Author: scwang18, mainly responsible for the technical architecture, has done a lot of research in the direction of container cloud.
foreword
KubeSphere is an open source Kubernetes-based cloud-native distributed operating system of Qingyun, which provides a cool Kubernetes cluster management interface. Our team uses KubeSphere as the development platform.
This article records the solution process of a network failure in the KubeSphere environment.
Phenomenon
Developers reported that the Harbor warehouse they built always had problems, and occasionally reported net/http: TLS handshake timeout
, and accessing harbor.xxxx.cn through curl would also hang randomly and frequently. But the feedback of ping everything is normal.
Cause Analysis
After receiving the error report, after several rounds of analysis, the cause was finally located.

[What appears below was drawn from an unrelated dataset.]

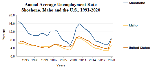 Shoshone's average annual unemployment rate in 2020 . . .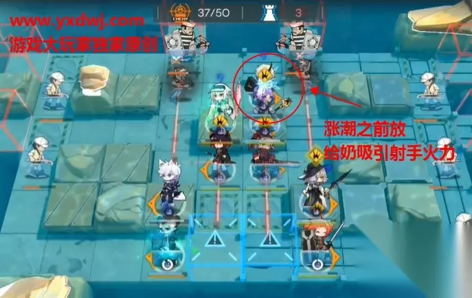 第三步:放好T还有奶 第四步: 在这里我们还有最后一个T的名额,可以在这里把自己练度最低的T留在这里。 再最后一波涨潮之前,把这个T放到两个奶后面,吸收弓箭手的伤害,防止奶被射死。 切记一定要在涨潮之前放!!!涨潮了就放不了了

It should be that the latest version of Kubernetes 1.23.1 was used when KubeSphere was installed.
Although using ./kk version --show-supported-k8s
you can see that KubeSphere 3.2.1 can support Kubernetes 1.23.1, but it is actually only experimental support, there are pits.
The analysis process is as follows:
- There is a problem with Harbor registry access, and subconsciously thinks that there is a problem with Harbor deployment, but when checking the Harbor core log, there is no corresponding error message when there is no abnormality, and there is even no log information at the info level.
- Put the target on the Harbor portal again, and check the access log, but no abnormal information is found.
- According to the access chain, continue to trace the kubesphere-router-kubesphere-system, that is, the nginx ingress controller of the KubeSphere version, and also found no abnormal log.
- Try to access Harbor's in-cluster service address in other Pods in the cluster, and find that there is no access timeout problem. The preliminary judgment is the problem of the Ingress that comes with KubeSphere.
- Turn off the Ingress Controller that comes with kubeSphere, install the ingress-nginx-controller version officially recommended by Kubernetes, the fault remains, and no abnormal information is found in the Ingress log.
- Based on the above analysis, the problem should appear between the client and the Ingress Controller. My Ingress Controller is exposed to the outside of the cluster through NodePort. Therefore, when testing other services exposed to the outside of the cluster through NodePort, it is found that the fault is the same. At this point, the Harbor deployment problem can be completely ruled out, and it is basically determined to be the problem from the client to the Ingress Controller.
- When the external client accesses the Ingress Controller through NodePort, it will analyze the kube-proxy log through the kube-proxy component and find the alarm information
can’t set sysctl net/ipv4/vs/conn_reuse_mode, kernel version must be at least 4.1
This warning message is because the kernel version of my centos 7.6 is too low, currently 3.10.0-1160.21.1.el7.x86_64, and there is a compatibility problem with the new version of Kubernetes ipvs.
It can be solved by upgrading the kernel version of the operating system.
After upgrading the kernel, Calico cannot be started, and the following error message is reported
ipset v7.1: kernel and userspace incompatible: settype hash:ip,port with revision 6 not supported by userspace.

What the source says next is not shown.